Segment Open
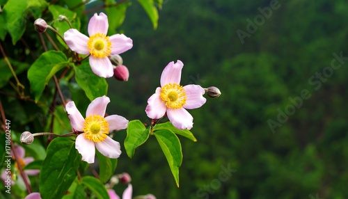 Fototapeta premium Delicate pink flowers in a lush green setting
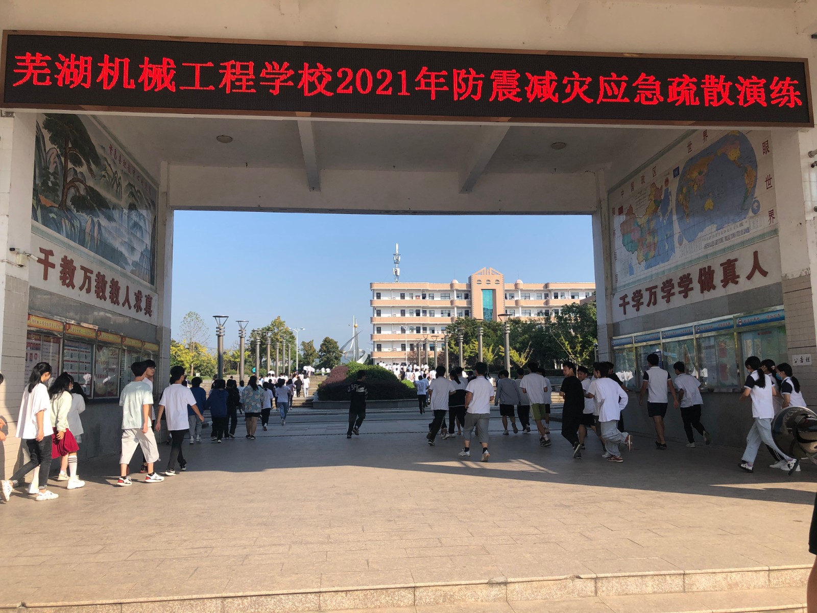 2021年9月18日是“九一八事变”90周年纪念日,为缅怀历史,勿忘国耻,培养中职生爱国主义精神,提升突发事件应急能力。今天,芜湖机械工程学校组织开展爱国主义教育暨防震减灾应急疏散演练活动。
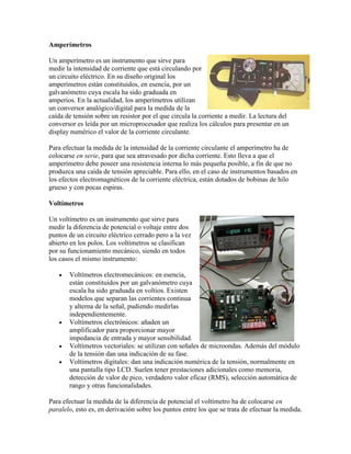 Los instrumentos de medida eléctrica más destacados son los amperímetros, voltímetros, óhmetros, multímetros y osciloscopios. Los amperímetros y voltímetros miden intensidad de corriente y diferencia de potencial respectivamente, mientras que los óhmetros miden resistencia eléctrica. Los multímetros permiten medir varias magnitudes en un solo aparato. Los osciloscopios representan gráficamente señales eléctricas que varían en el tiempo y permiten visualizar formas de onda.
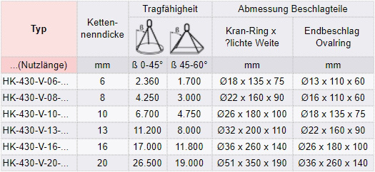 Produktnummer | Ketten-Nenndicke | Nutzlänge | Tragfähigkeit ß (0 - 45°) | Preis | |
Segment Closed
**Exercise goal**
Without the pictures, please reproduce each line of the listing above exactly, from the first one through the line bearing "Los instrumentos de".

**Answer space**
 Fototapeta premium Delicate pink flowers in a lush green setting
 2021年9月18日是“九一八事变”90周年纪念日,为缅怀历史,勿忘国耻,培养中职生爱国主义精神,提升突发事件应急能力。今天,芜湖机械工程学校组织开展爱国主义教育暨防震减灾应急疏散演练活动。
 Los instrumentos de medida eléctrica más destacados son los amperímetros, voltímetros, óhmetros, multímetros y osciloscopios. Los amperímetros y voltímetros miden intensidad de corriente y diferencia de potencial respectivamente, mientras que los óhmetros miden resistencia eléctrica. Los multímetros permiten medir varias magnitudes en un solo aparato. Los osciloscopios representan gráficamente señales eléctricas que varían en el tiempo y permiten visualizar formas de onda.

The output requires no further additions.